Goa itu sebenarnya tidaklah seperti kebiasaan goa-goa. Lantainya licin bersih. Dan yang lebih menyenangkan lagi, di dalam goa itu terdapat sebuah bale-bale bambu. Agaknya para cantrik yang sering bermain-main di dalam goa itu telah membuatnya sebuah bale-bale di dalam.
”Nah, Tuan..” kata cantrik itu kemudian, ”Sekarang perkenankanlah aku meninggalkan Tuan-tuan. Setiap kali aku akan dapat kemari untuk menengok perbekalan Tuan. Menurut pesan Panembahan, tempat ini harus menjadi tempat rahasia. Sebab siapa tahu orang-orang yang mengepung bukit ini telah mengirimkan orang untuk memata-matai keadaan di sekitar bukit ini. Kalau aku terlalu sering datang kemari, atau Tuan keluar dari goa ini jangan-jangan orang-orang mereka dapat melihatnya.
”Pergilah,” jawab Mahesa Jenar, ”Berilah kami kabar apabila terjadi sesuatu atas padepokan ini, lebih-lebih Bapa Panembahan.”
Cantrik itu mengangguk hormat. ”Pesan Tuan akan kami laksanakan dengan baik,” katanya.  Kemudian pergilah ia keluar lewat lubang sempit itu, dan seterusnya menyibakkan daun-daun gerumbul yang menutup lubang goa itu.
Untuk beberapa saat Mahesa Jenar dan Arya Salaka mengamat-amati dinding goa itu.
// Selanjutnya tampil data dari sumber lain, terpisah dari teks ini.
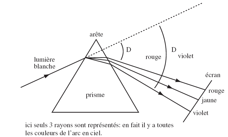 Donc sur ce schéma, tu vois bien que le violet est plus dévié que le rouge. C'est à cause de leur longueurs d'onde, en effet la longueur d'onde du violet est inférieure à celle du rouge donc il sera plus dévié à cause de la loi de Cauchy.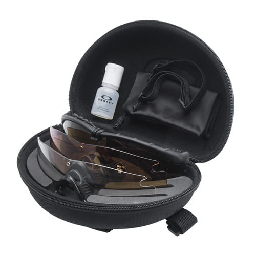 W komplecie znajduje się: - Oprawka - Wizjer Clear (zamontowany) - Wizjer Grey - Wizjer Persimmon - Woreczek z mikrofibry do przechowywania i czyszczenia okularów - Płyn Oakley Anti-Fog wraz ze ściereczką / pokrowcem na butelkę z płynem - Zapinane zamkiem błyskawicznym sztywne nylonowe etui na cały zestaw - jest ono wyposażone w kompozytowy karabinek oraz montaż do paska.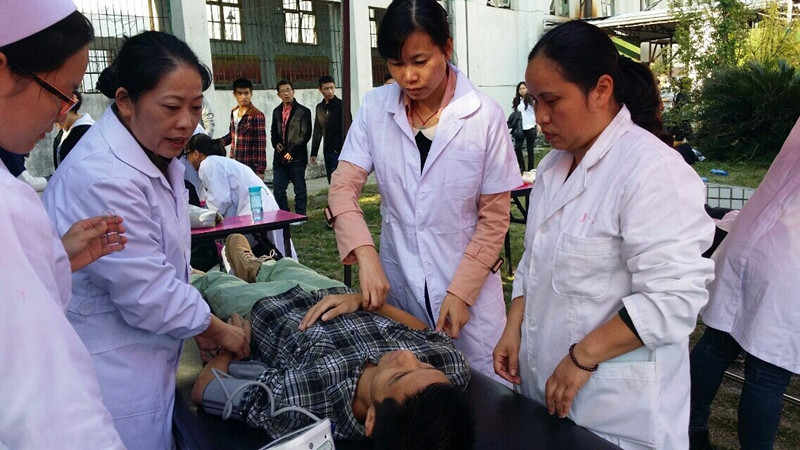 (教工党员教师对突发低血糖晕厥的礼仪队员积极救护)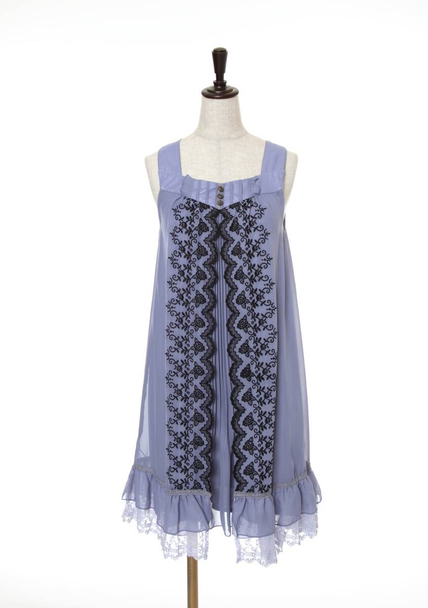 - 908◇刺繍入りAラインチュニワンピース ラベンダー axes femme アクシーズ ファム IM342X01

Dan kemudian mereka menemukan suatu ruangan yang agak lebar dengan lubang-lubang pula di atasnya.
”Arya…” kata Mahesa Jenar, Kita tidak tahu berapa lama kita harus meringkuk di dalam lubang ini. Tetapi aku kira sehari dua hari ini Sima Rodra masih belum akan bertindak. Karena itu kita mempunyai cukup waktu untuk menyusur goa ini sebelum kita mendapat kabar dari cantrik tadi.
Arya Salaka adalah seorang anak yang ingin mengetahui segalanya. Karena itu segera ia menjawab, ”Paman, tidakkah kita mencoba melihat setiap segi goa ini?”
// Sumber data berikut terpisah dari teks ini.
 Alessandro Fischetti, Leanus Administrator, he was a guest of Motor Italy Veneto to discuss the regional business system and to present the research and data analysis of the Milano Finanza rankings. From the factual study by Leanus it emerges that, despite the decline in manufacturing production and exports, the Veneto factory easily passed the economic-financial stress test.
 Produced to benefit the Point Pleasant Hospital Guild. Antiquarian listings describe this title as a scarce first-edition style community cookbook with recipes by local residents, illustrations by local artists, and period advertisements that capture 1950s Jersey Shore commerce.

Marilah, jawab Mahesa Jenar.
Maka segera dengan hati-hati mereka mulai memasuki ke bagian yang lebih dalam lagi. Di beberapa bagian, lubang-lubang yang menembus ke atas masih saja terdapat. Dan sepanjang bagian yang masih mendapat penerangan itu, ternyata terdapat bekas-bekas tempat bermain para cantrik. Di situ terdapat pula alat-alat memasak dan beberapa perlengkapan lain. Tetapi ketika kemudian mereka sampai ke bagian yang lebih gelap, hilanglah semua bekas-bekas yang menunjukkan bahwa tempat itu pernah didatangi oleh para cantrik.
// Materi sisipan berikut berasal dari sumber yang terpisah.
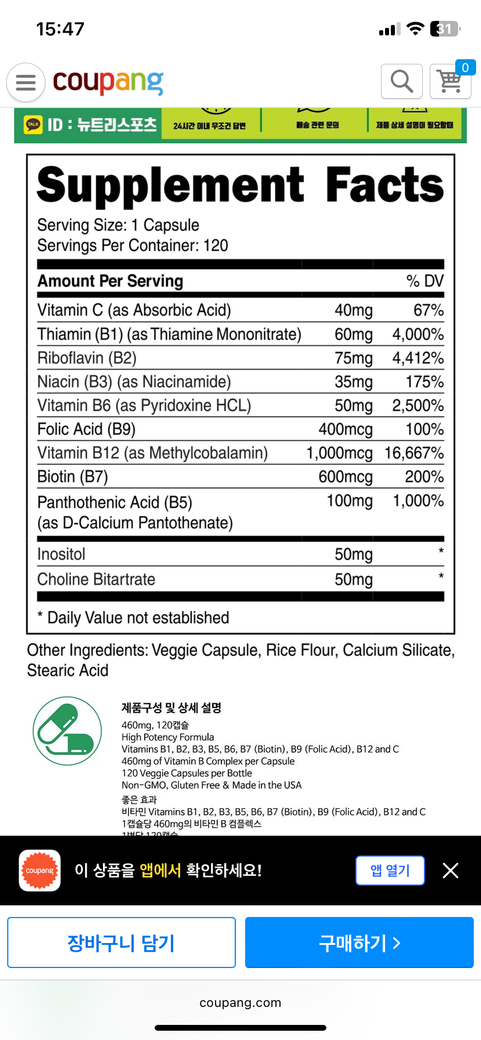 그러나 콜린과 이노시톨 성분은 건강유지목적으로는 아래 비타민B군 제품에 들어있는 양으로도 충분한 편이라서,
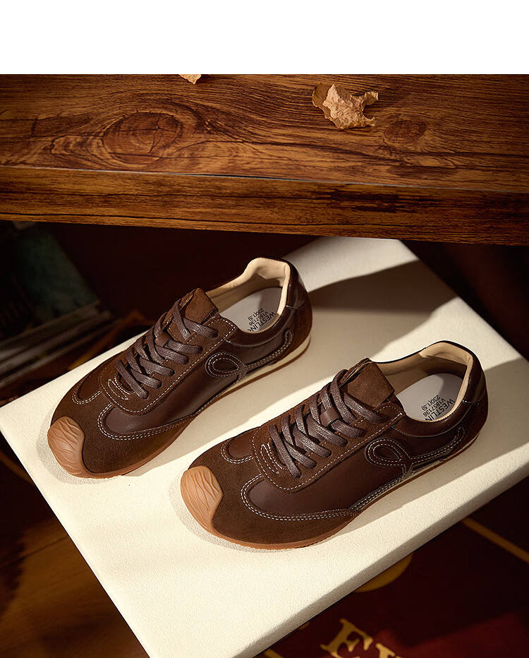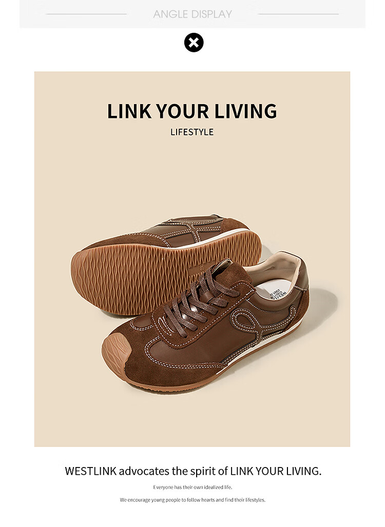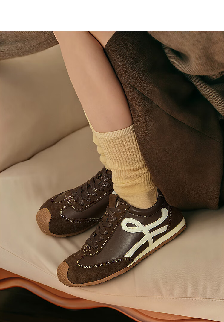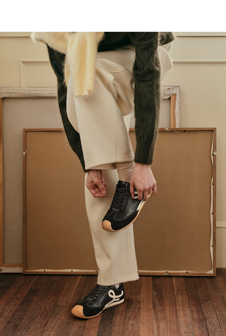 西遇(Westlink)内增高德训鞋女2025新款秋季丑萌复古休闲鞋子歪头运动鞋 黑色 36 (230)

Perlahan-lahan Mahesa Jenar dan Arya Salaka menyusuri lubang goa yang semakin lama menjadi semakin sempit dan gelap.
Pada hari yang pertama, mereka menghentikan pengamatan mereka sampai di situ. Tak ada yang istimewa di dalamnya. Kecuali di beberapa tempat terdapat tetesan-tetesan air yang jernih. Agaknya para cantrik sering menampung air yang tetes itu pula, untuk masak-memasak.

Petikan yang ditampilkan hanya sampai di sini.